A sleeveless shirt is a shirt manufactured without sleeves, or whose sleeves have been cut off. Sleeveless shirts are worn by people of either gender, depending on the style. They can be used as undershirts, worn by athletes in sports such as track and field and triathlon, or as casual wear attire during humid weather.


Tank top[edit]

In the United States and Canada, it is commonly known as a tank top, tank shirt, muscle shirt, and also wifebeater, guinea tee, or dago tee ("guinea" and "dago" being American ethnic slurs for people of Italian ethnicity). The term wifebeater reportedly became synonymous for an undershirt after a criminal case in 1947.[1] A Detroit native named James Hartford Jr. was arrested for beating his wife to death. News outlets printed a photo of Hartford in a stained undershirt and referred to him as "the wife beater."[2][3]

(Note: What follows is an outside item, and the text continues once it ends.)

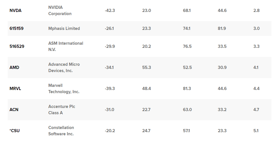 Není překvapením, že se na obrazovce objevila řada akcií polovodičů. Po letech, kdy akcie polovodičů dosahovaly nejvyšších výnosů na trhu, se letos propadly. Fond iShares Semiconductor ETF (SOXX), který sleduje výkonnost polovodičů, se od začátku roku propadl o více než 20 %.

In the UK, especially when used as an undershirt, it is known as a vest (compare the American usage of "vest").[4] Another term is singlet, used in England, Scotland, Ireland, Australia, Ghana, Nigeria, Hong Kong, Singapore, New Zealand, Indonesia, parts of Hawaii, and French-speaking Belgium. In France, it is commonly called a marcel after Marcel Eisenberg, who first started large-scale production of the shirts for Parisian porters during the mid-19th century, or more formally a débardeur, meaning "docker", "porter" or "stevedore".

In Russia, it is generally referred as mayka,[5] but is also colloquially known as alcoholichka.

In the Philippines, a sleeveless shirt is called a sando. In addition to being worn as an undershirt, it is also often worn at home due to its effectiveness in providing relief from the country's humid climate.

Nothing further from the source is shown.